What is the best way to share files on a network with different client operating systems? Or is Samba the best even with the Windows clients? Is there a better alternative, such as OpenAFS?

Thanks.


----------



## Bobi B. (Aug 26, 2018)

Best provide details regarding those other client operating systems. Unixes (Lines)? Windows (which versions)? I remember there is an optional NFS client feature in Windows Professional, not sure how stable it works, tho. What kind of security and auditing you require?


----------



## sdf (Aug 26, 2018)

Such as Windows 10 and MacOS 10. Do you mean Windows Services for UNIX that has been discontinued?


----------



## Bobi B. (Aug 26, 2018)

There are Services for NFS in Windows 10 Pro, as an optional feature: Programs and Features -> Turn Windows features on or off -> Services for NFS / Client for NFS.


----------



## kpa (Aug 26, 2018)

I ended up using net/samba48 for my windows clients and sftp(1) for anything that talks native SFTP. NFS is certainly nice but comes with its own baggage and I wouldn't trust the windows NFS client to be on par with systems where it's actually used all the time.


----------



## sdf (Aug 26, 2018)

I am still learning Samba, but I feel it is a bit complicated. I haven't configured it, Now thinking, if in a production environment, Windows Server may be a better choice and the best partner with the Windows client.


----------



## ShelLuser (Aug 26, 2018)

Samba hasn't have to be that complicated though. Also because there are plenty of sane default settings which the daemon will use. At best you set the workgroup, server name, and if you want it to operate as a master browser.
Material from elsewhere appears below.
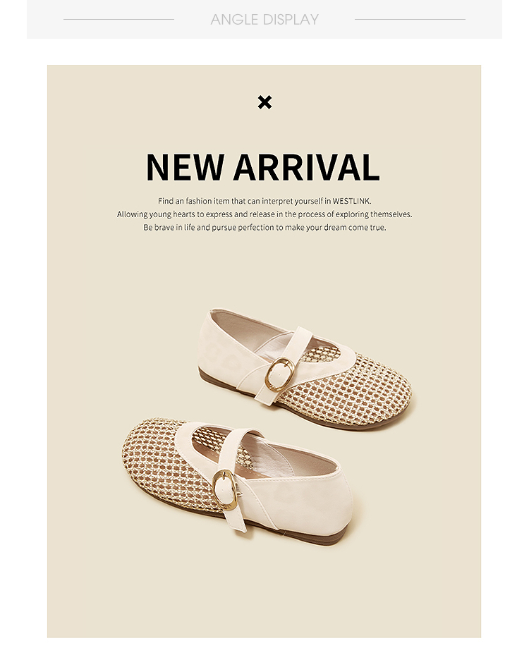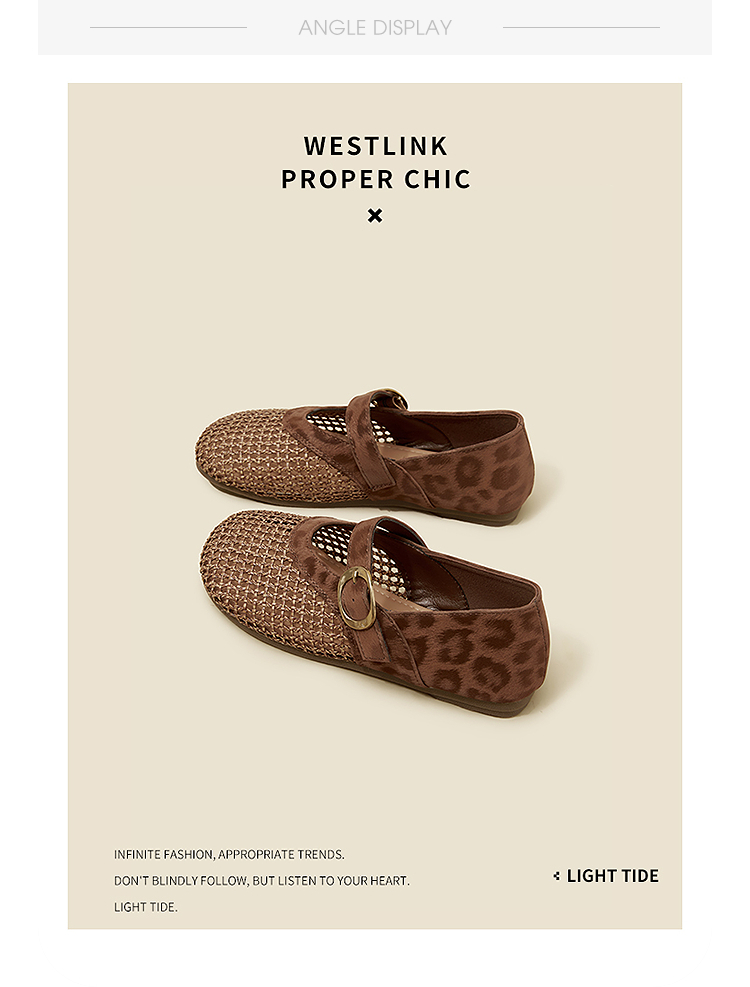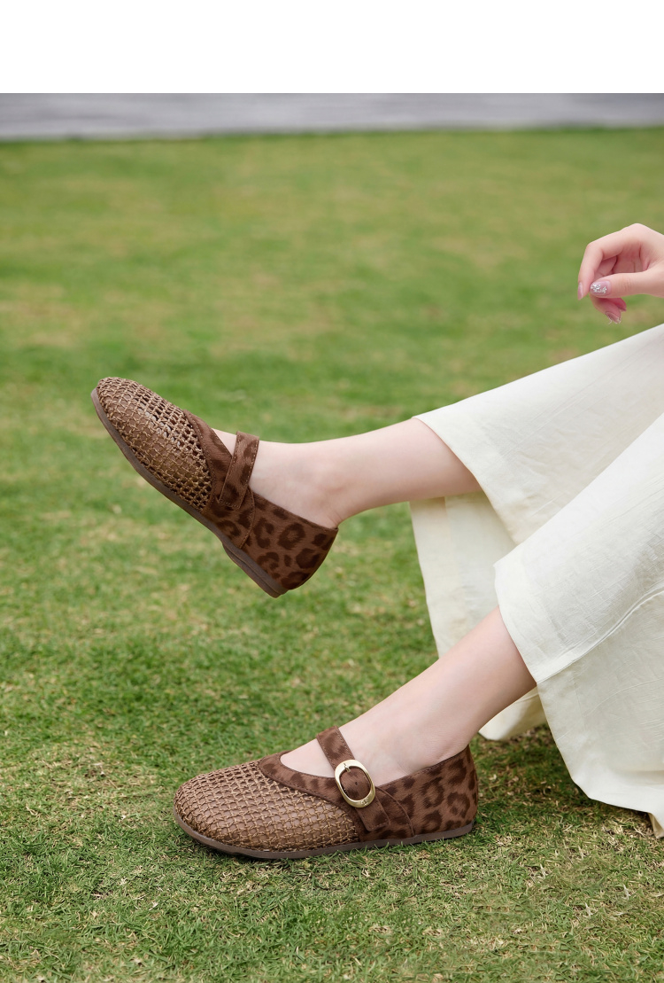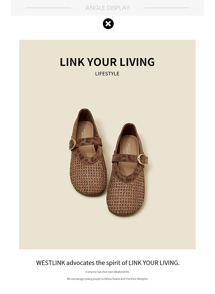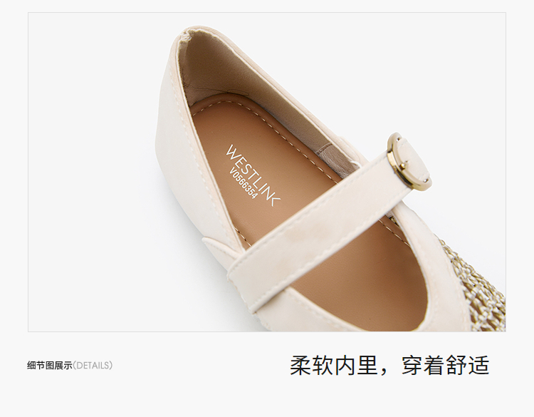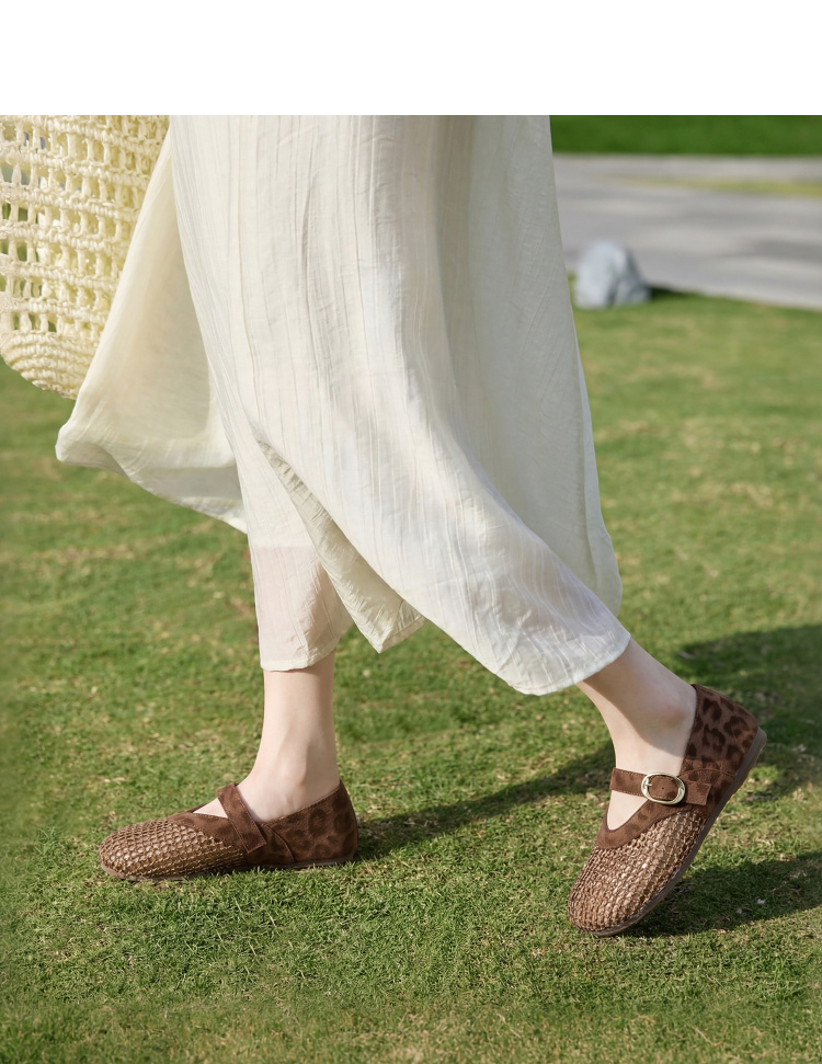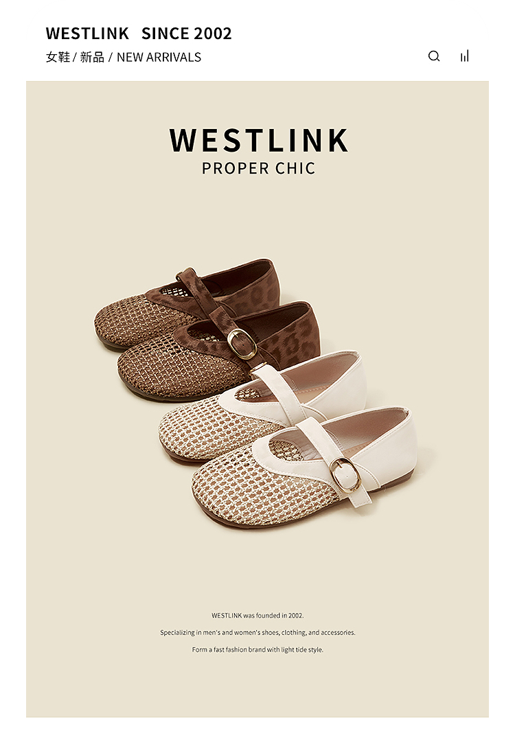 西遇镂空编织玛丽珍鞋女2026春夏季新款一字扣平底透气通勤单鞋子V0566354

Optionally you can configure logging and then all there's left are the individual shares. Name, browseable, read only and guest access.

It really can be that simple.


----------



## kpa (Aug 26, 2018)

I went with the standalone (I think that's what it's called) setup on SAMBA, I have absolutely no use for a domain controller on my environment. It's dead simple to set up.


----------